# Homework Help: Sketching curves: intercepts, asymptotes, critical points [answer check]

1. Sep 19, 2008

### lamerali

Sketch the following function, showing all work needed to sketch each curve.

y = $$\frac{1}{3 + x^2}$$

The question is asking for all the work done to find x and y intercepts, vertical, horizontal and slant asymptotes; critical points and points of inflection, i have completed the question but i'm not sure i did it correctly, any guidance is appreciated. My answer is below:

x - intercept: there are no x - intercepts.
y - intercept: sub x = 0 into the function and you get y = 1/3

there are no vertical asymptotes

horizontal asymptote is y = 0 found by dividing every term in the function by x^2

critical points:
to find the critical points find the first derivative

y1 = -2x $$^{-3}$$

= $$\frac{-2}{x^-3}$$

y1 can never equal zero therefore there are no max or min.

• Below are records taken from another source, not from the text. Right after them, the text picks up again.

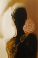 De figuur lijkt op het punt te staan te verdwijnen in zijn eigen schaduw; de grens tussen lichaam en achtergrond vervaagt, alsof het bestaan zelf oplost in het licht dat het probeert te begrijpen. De eclips symboliseert hier niet enkel verlies, maar ook transformatie — een tijdelijk samenvallen van zichtbaarheid en vergetelheid.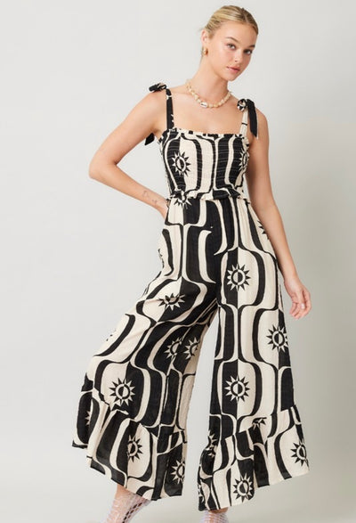 SMOCKED JUMPSUIT - BLACK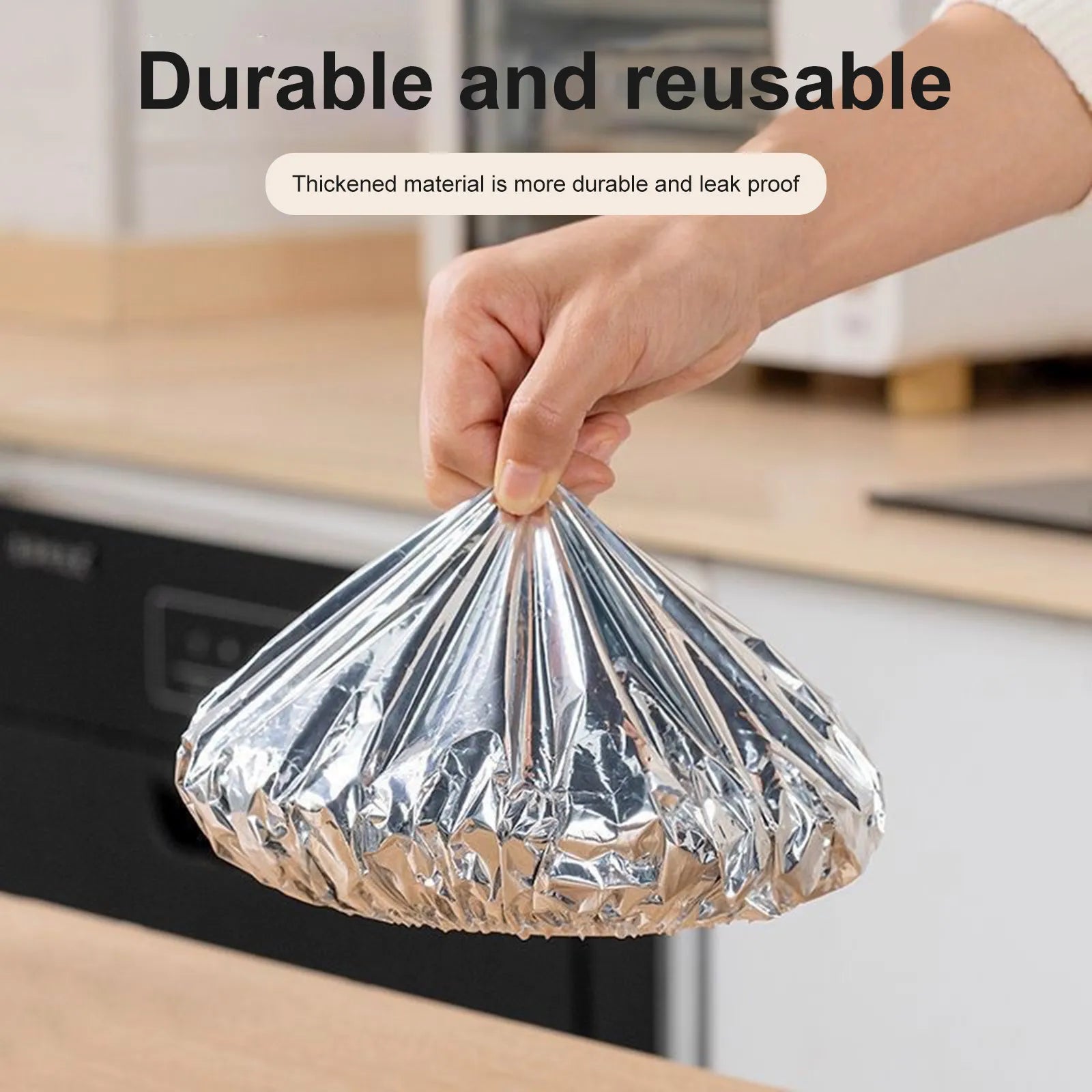 أكياس حفظ الطعام من رقائق الألومنيوم أغطية قابلة لإعادة الاستخدام لتخزين الطعام الساخن والبارد أغطية أوعية قابلة للتعديل ومحكمة الغلق، أكياس تغليف مطبخ عالمية محكمة الغلق لتغطية الطعام (10 قطع)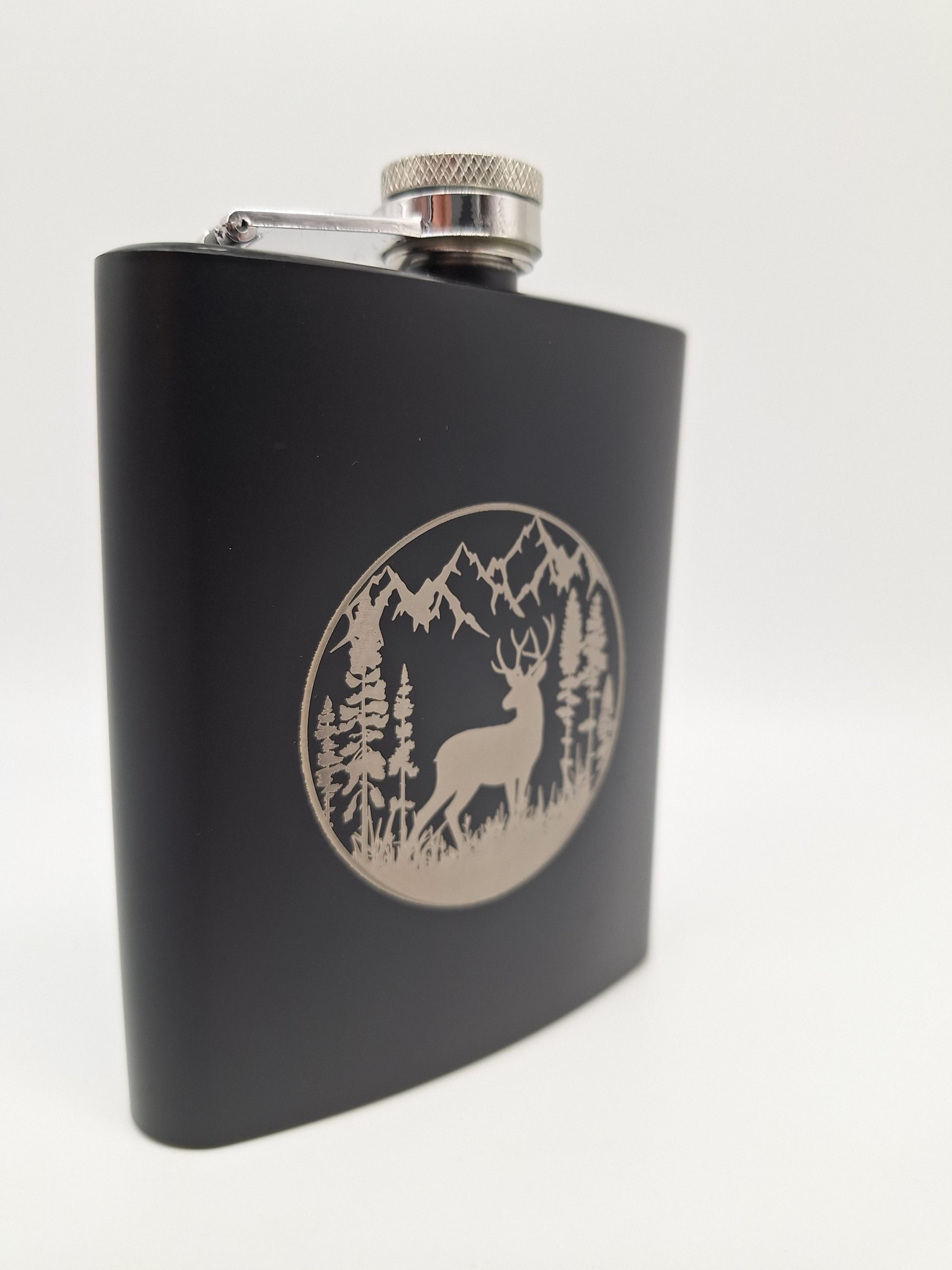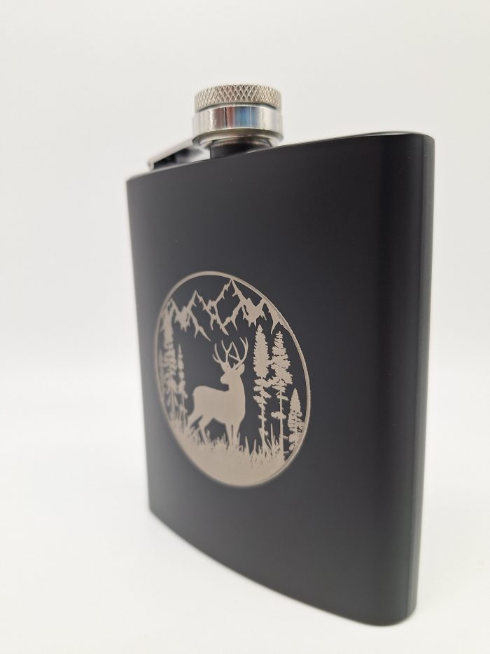 Flachmann aus Edelstahl mit schwarzer Lackierung und Gravur: das perfekte Männergeschenk – natürlich auch für Frauen oder einfach mal für dich!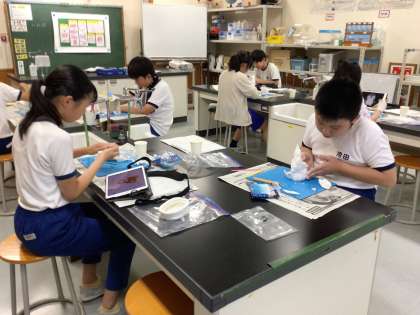 1年生、6年生は図工で紙コップや粘土を使って作品作りに取り組んでいました。傑作ができたかな。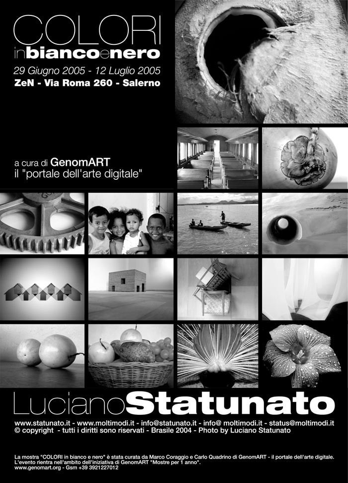 La rassegna fotografica di Luciano Statunato, attraverso una selezione di opere prodotte durante il suo ultimo viaggio in Brasile, testimonia gli sviluppi della sua creatività tecnica e artistica ed il suo rilievo nel contesto internazionale.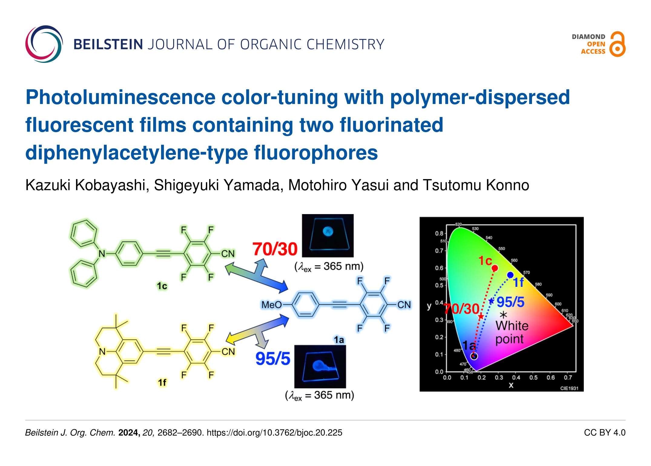 - YAMADA, S.; YASUI, M.; KONNO, T. Development of D-π-A-type Fluorinated Tolanes Showing Blue, Yellow, and Red Fluorescence in Solid-State by Precise Molecular Design and Their Application to White Fluorescent Materials. Journal of the Japan Society of Colour Material 2025, 98, 68–74. doi:10.4011/shikizai.98.68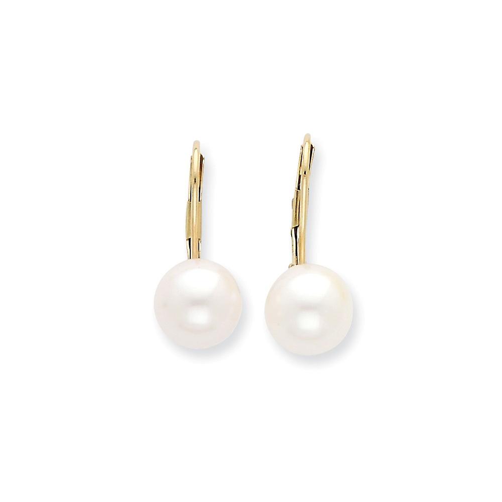 14k Yellow Gold 8 8.5mm Freshwater Cultured Pearl Leverback Earrings 20x8.5mm Wide Stud Earring for Women

to find the point of infliction find the second derivative

y11 = 6x $$^{-4}$$
= $$\frac{6}{x^-4}$$

y11 can never equal zero
for x $$\geq$$ 0, y11 is negative and for x $$\leq$$ 0, y11 is positive

I have sketched the graph but not added it here i just would like to check if the work i did to get the sketch of the function is correct!
Thanks A LOT!
I really appreciate it!! :D

2. Sep 19, 2008

### danago

I dont understand how you found the derivative of y. Check that again, because if you graph the function, you see that there is indeed a maximum at x=0.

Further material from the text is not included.